How is your coal tending? I use bigger coal (half inch chunks?) because that's what I have. My method for welding damascus in a coal forge is:
- Grind the surfaces clean, stack, weld (just enough to keep the stack together and put on rebar for a handle, don't close off the gaps). I usually sprinkle some borax between the layers during stacking, just a bit.
- Start the forge, build a good mound and apply a constant low flow of air. Continuously push coal in from the side for coking (burning off all the bituminous crap), creating a steady influx of cokes. Wait until you're running a nice clean fire (I always watch for transparent blue flames).
- Stick the billet into the middle of the mound (Make sure the stack is covered with cokes to contain the heat) with the laminations running vertically. In my experience this gives more uniform heating of the inner layers because the heat coming from the bottom supposedly doesn't have to jump the gaps between the layers that have higher thermal resistance. Maybe this is nonsense, but it's the way I learned and it works for me. The middle of the mound is the most neutral location oxygen-wise, minimizing the amount of oxide buildup.

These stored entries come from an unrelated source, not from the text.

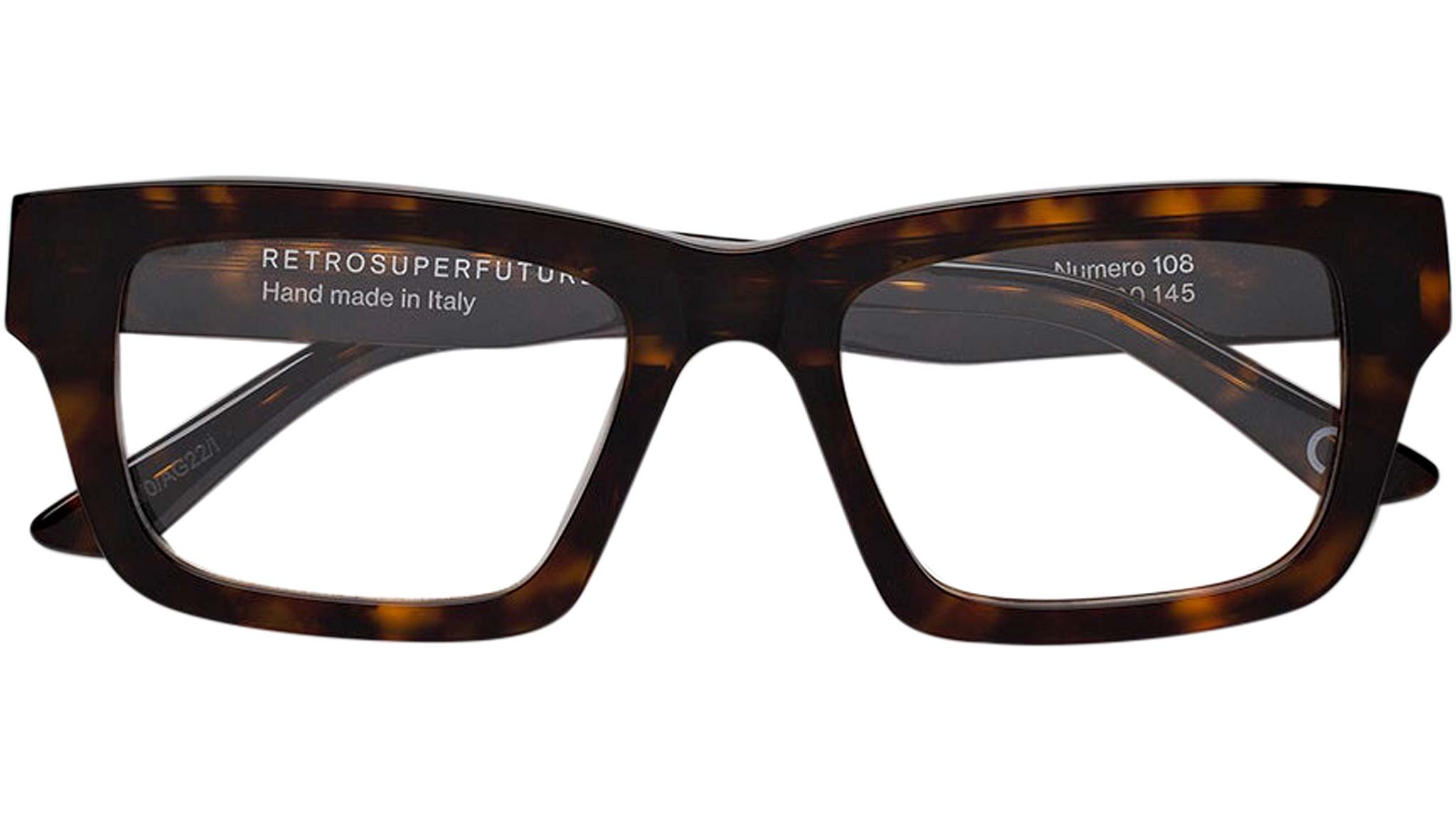 Sharp angles and precise geometries define Numero 108, a sleek all-day-everyday frame with a street edge. Angular lenses and pointed temples give this shape its distinctive features by elevating timeless modernist aesthetics. RSF’s signature sturdy acetate construction has been carved to offer a lighter, more functional and fitting design for everyday use, while still resulting in a bold shape full of character. Numero 108 comes in a vibrant 3627 Havana acetate. Sizes: R Lens Width: 53 mm. Frame Front: Frame Side: 145 mm. Product Code Size R: 7G9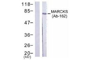 The antiserum was produced against synthesized non-phosphopeptide derived from human MARCKS around the phosphorylation site of serine 162 (K-K-SP-F-K).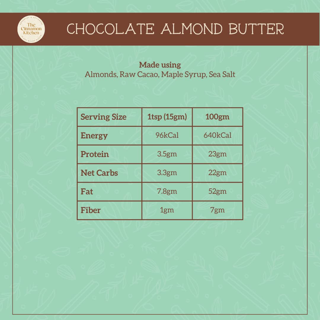 Versatile Use Perfect as a spread a snack or a baking ingredient The Cinnamon Kitchen's Almond Butter Chocolate is a versatile addition to your pantry enhancing your meals and treats with its rich chocolatey goodness. Pairs well with toasts fruits and smo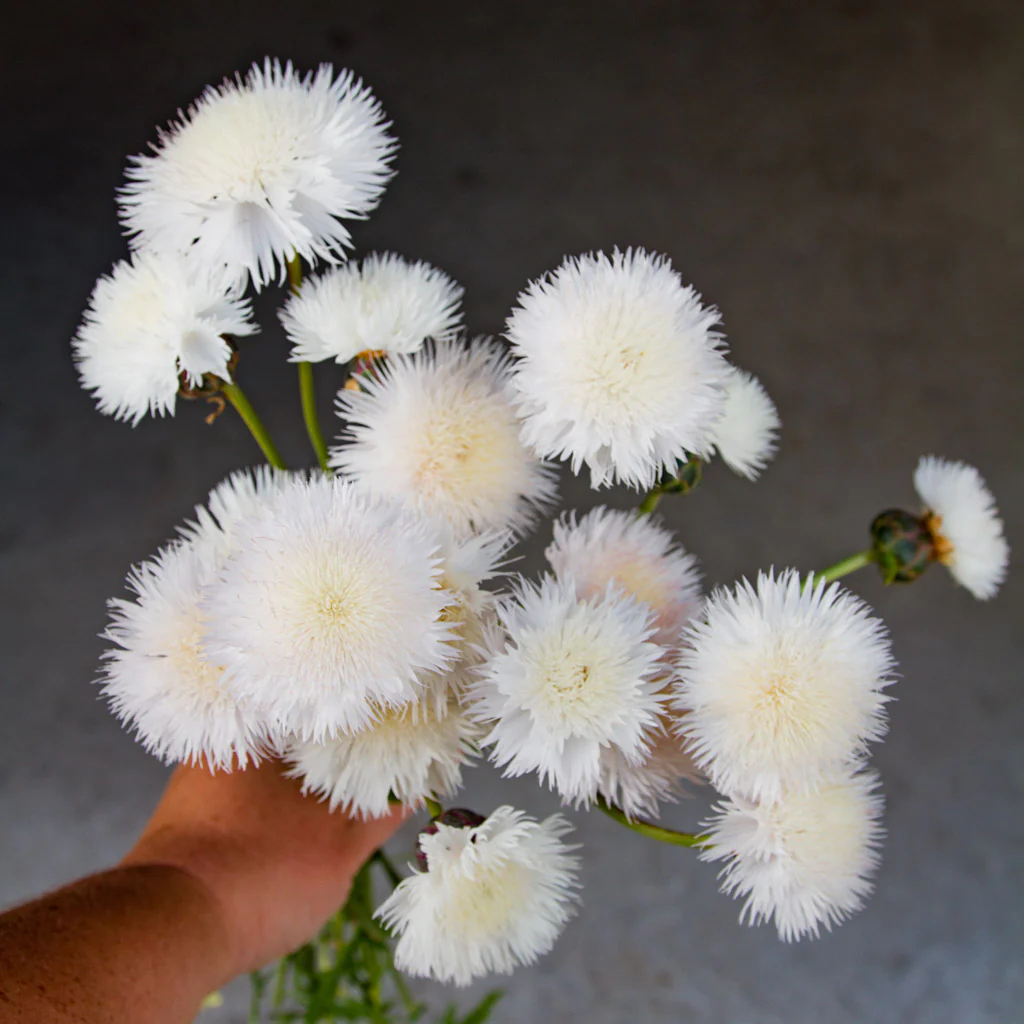 Sweet Sultan 'The Bride' will literally take your breath away. This is an absolutely exquisite flower of the fluffiest, pure white and creamy tones. It makes a glorious summer display in the garden and the gorgeous, large ,pure white, sweety fragrant fluffy blooms all summer til frost are on tall wiry straight stems, perfect for cut flower arrangements. These elegant beauties are very long lasting,Excellent for specialty summer cutflower, field grown or under hoops. Also good subject for mass summer landscaping. both in the garden and as a cut flower.  So divine!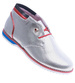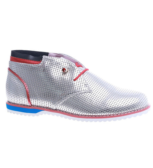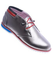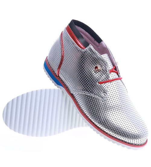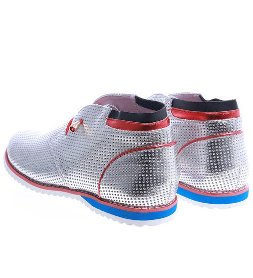 - Damskie półbuty z wyższą cholewką wykonane z błyszczącej skóry ekologicznej w kolorze srebrnym.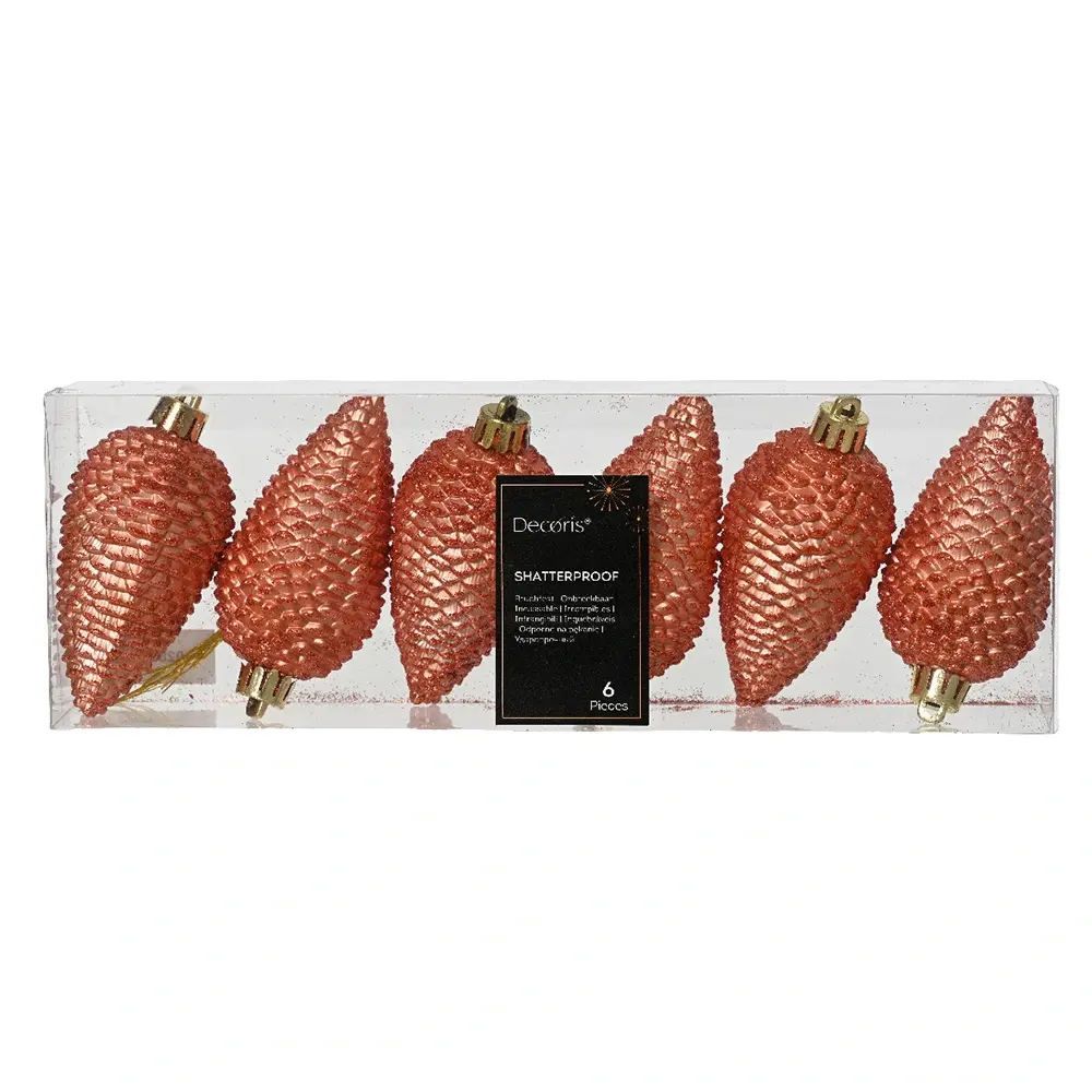 De dennenappels hebben een oranje kleur en hebben een glinsterend effect. Een verpakking bestaat uit 6 dennenappels.

- At a dull red heat, pull out the stack (close the gap in the mound) and apply Borax to the edges. It doesn't have to drenched in Borax. Put it back the same way and cover with cokes.
- Ramp up the heat, periodically peeking through the coal (you can poke the occasional peeking hole and close it back up) to judge the temperature of the billet. When it gets to yellow start watching the flames. When you hit welding temps (with high carbon steel) you'll see an occasional spark floating up through the flames. When you get to that point, pull out the billet, put it on the anvil and gently but firmly tap it with a hammer (I use a either a 1.5 or a 2.5 pound ball peen with a slight crown on the flat side, don't use the ball end). I always go along the center from handle to end (squeezing out the borax along with the oxides and contaminants) and then around the perimeter. You can massage the billet a bit with the hammer, but in principle your welds should now all be set.
Again, there are other ways to do it, but this works for me. Never used a vice for setting welds.